Running the LLaMA 3.1 405B Model in Kubernetes using Ollama and OpenWebUI

This tutorial will guide you through deploying the LLaMA 3.1 405B model in a Kubernetes cluster using the Ollama service and OpenWebUI. The LLaMA 3.1 405B model is a large language model with 405 billion parameters, optimised for various tasks using 4-bit quantisation.
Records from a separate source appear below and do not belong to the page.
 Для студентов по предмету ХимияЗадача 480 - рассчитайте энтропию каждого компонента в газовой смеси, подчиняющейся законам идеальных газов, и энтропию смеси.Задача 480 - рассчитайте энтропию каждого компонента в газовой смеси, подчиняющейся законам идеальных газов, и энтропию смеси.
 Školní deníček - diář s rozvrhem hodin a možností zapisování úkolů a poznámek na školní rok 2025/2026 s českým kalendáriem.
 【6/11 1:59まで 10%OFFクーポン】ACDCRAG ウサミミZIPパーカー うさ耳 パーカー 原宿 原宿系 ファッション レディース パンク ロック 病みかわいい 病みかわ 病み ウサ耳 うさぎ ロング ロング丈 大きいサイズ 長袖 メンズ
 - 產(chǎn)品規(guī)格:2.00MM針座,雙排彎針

We will deploy Ollama and OpenWebUI in the llama405b namespace, leveraging H100SXM-80 GPUs to handle the heavy computation requirements of the model.

Prerequisites

A Kubernetes cluster with H100SXM-80 GPU nodes available.
A configured kubectl to manage your Kubernetes cluster.
Permissions to create namespaces, deployments, and services in the cluster.
Ollama docker image: ollama/ollama:latest.
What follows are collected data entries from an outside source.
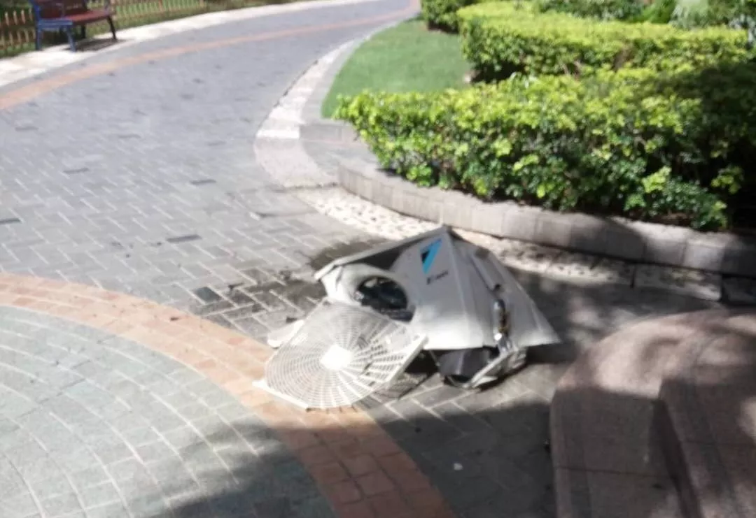 據了解,空調主機從2棟中間樓層的一戶業主家掉落的,當時安裝工人正在挪動主機,中途意外脫手,萬幸沒有傷到人。
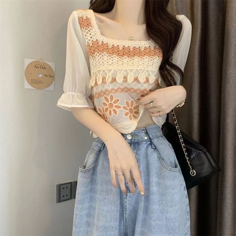 2025 크로 셰 뜨개질 중공 새로운 슬림 반팔 쉬폰 셔츠 여름 스퀘어 넥 짧은 퍼프 슬리브 스플 라이스 디자인 탑스토어 가기
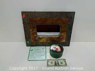 Billiards cue ball coasters with box. Mirror is approx. 16" x 12.5". Nascar piece is 5.5" square. Coasters are 4" in diameter.
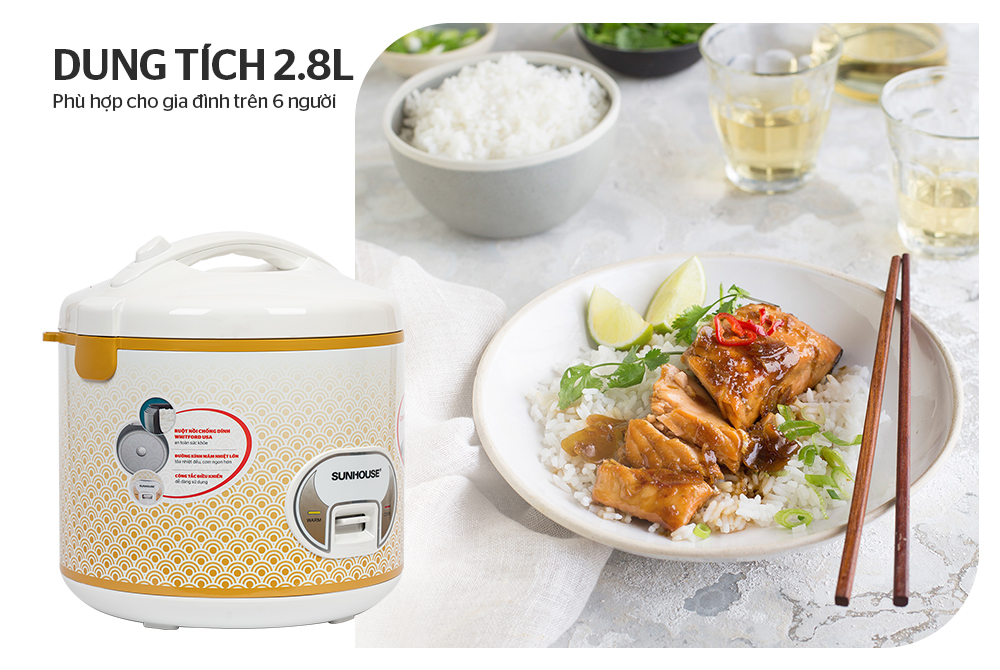 Dung tích 2.8L phù hợp với những gia đình nhiều thế hệ, từ 6 người trở lên. Ngoài ra, với xửng hấp đi kèm, bạn có thể làm thêm nhiều món ngon như đồ xôi, hấp bánh, hấp khoai… với chỉ một chiếc nồi cơm điện.
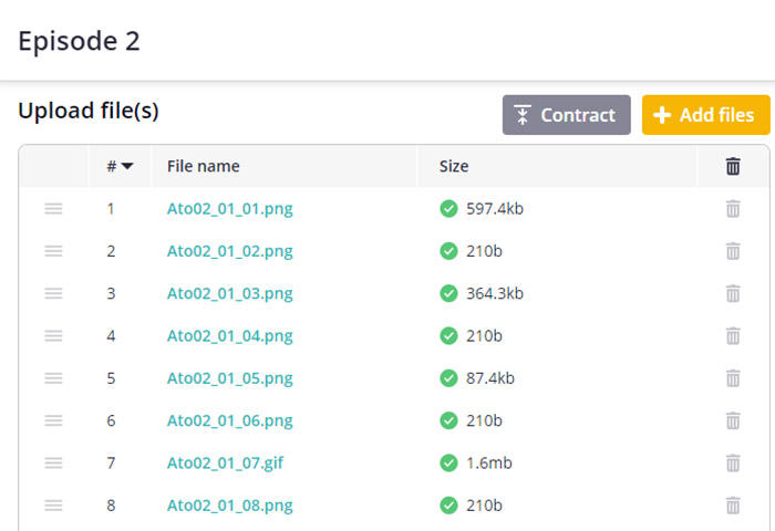 A última etapa para a publicação do projeto Infância Carmesim foi a do carregamento das imagens e animações na plataforma Tapas.io. Após certificar-se que todos os arquivos possuíam as dimensões indicadas pela plataforma, e tamanho menor do que 10 megabytes, os arquivos foram carregados. Devido a lógica de nomeação de arquivos, pode-se organizá-los da maneira previamente estipulada com facilidade.

Step 1: Create the `llama405b` Namespace

Firstly, create the llama405b namespace in your Kubernetes cluster to isolate the resources for this model.

kubectl create namespace llama405b

Step 2: Create the Entrypoint Script `ConfigMap`

Create a ConfigMap that holds the entrypoint.sh script to control how Ollama pulls and serves the model.
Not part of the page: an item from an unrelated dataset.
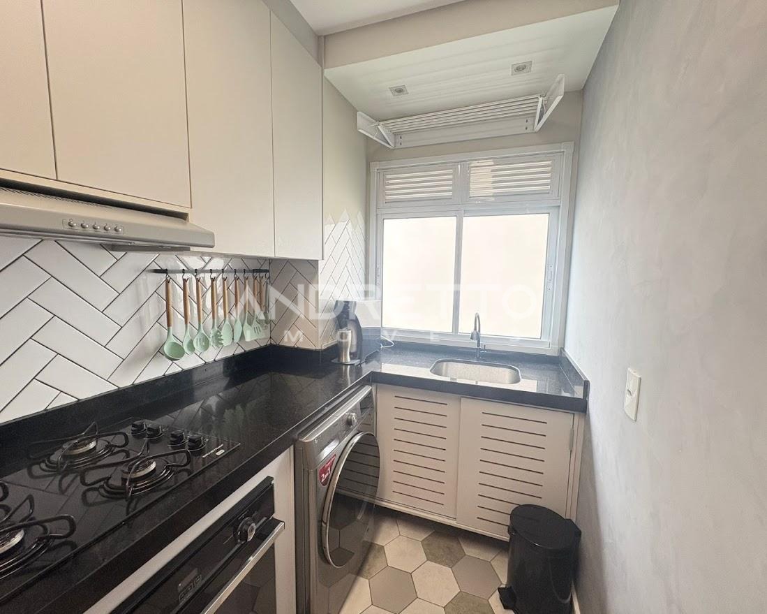 A cozinha foi planejada para unir funcionalidade e praticidade, com armários sob medida e eletrodomésticos já instalados: cooktop, forno e micro-ondas, facilitando o dia a dia com muito estilo.
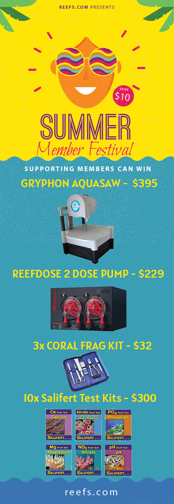 Our friends over at Reefs.com are having a Member Festival. Membership is $10.00 for the year and by becoming a supporting member you will have a chance to win a Gryphon AquaSaw (valued at $395.00) or a ReefDose 2 Dosing pump from Red Sea (valued at $229.00). They are also giving away a frag tool kit ($32.00) and a 10 pack of Salifert test kits valued at $300.00 to name a few. In all, they will be giving away over $3000.00 in raffle prizes. If you are not familiar with Reefs.com then it’s worth a visit. The sites features a blog, public forum and a magazine. Also they feature some of the articles we publish here at AquaNerd.com. Hop on over to Reefs. MORE

# entrypoint-configmap.yaml
apiVersion: v1
kind: ConfigMap
metadata:
  name: ollama-entrypoint
  namespace: llama405b  # Specify the namespace
data:
  entrypoint.sh: |
    #!/bin/bash

    # Start Ollama in the background.
    /bin/ollama serve &

    # Record Process ID.
    pid=$!

    # Wait for Ollama to start.
    sleep 10

    # Pull the specific LLaMA 405B model
    ollama pull llama3.1:405b

    # Wait for the Ollama process to finish.
    wait $pid

Apply this ConfigMap to your cluster:

kubectl apply -f entrypoint-configmap.yaml

Step 3: Deploy Ollama Service

The following ollama-deployment.yaml file creates a deployment for the Ollama service, pulling the LLaMA 3.1 405B model and serving it on port 80:

apiVersion: apps/v1
kind: Deployment
metadata:
  name: ollama-deployment
  namespace: llama405b  
  labels:
    app: ollama
spec:
  replicas: 1
  selector:
    matchLabels:
      app: ollama
  template:
    metadata:
      labels:
        app: ollama
    spec:
      containers:
        - name: ollama
          image: ollama/ollama:latest
          ports:
            - containerPort: 80
          volumeMounts:
            - name: entrypoint-script
              mountPath: /entrypoint.sh
              subPath: entrypoint.sh
          command: ["/usr/bin/bash", "/entrypoint.sh"]
          resources:
            limits:
              nvidia.com/gpu: 3  # Requesting 3 NVIDIA GPUs for the container
      volumes:
        - name: entrypoint-script
          configMap:
            name: ollama-entrypoint  # Reference to the ConfigMap created earlier
            defaultMode: 0755
      nodeSelector:
        gpu.nvidia.com/class: H100SXM-80  # Use nodes with H100SXM-80 GPUs
      restartPolicy: Always

We must allocate at least 3 H100SXM-80 GPUs to run this very large model. Now apply the deployment to the cluster:

kubectl apply -f ollama-deployment.yaml

Step 4: Expose the Ollama Service

Create a LoadBalancer service to expose Ollama externally using the following manifest. ollama-service.yaml:

apiVersion: v1
kind: Service
metadata:
  name: ollama-service
  namespace: llama405b
  labels:
    type: external
spec:
  type: LoadBalancer
  ports:
    - port: 80
      targetPort: 11434
      protocol: TCP
  selector:
    app: ollama

Apply the service manifest:

kubectl apply -f ollama-service.yaml

Note: Ensure the label type: external is added to the service to request an external IP address. The targetPort is set to 11434, which is the default port Ollama uses.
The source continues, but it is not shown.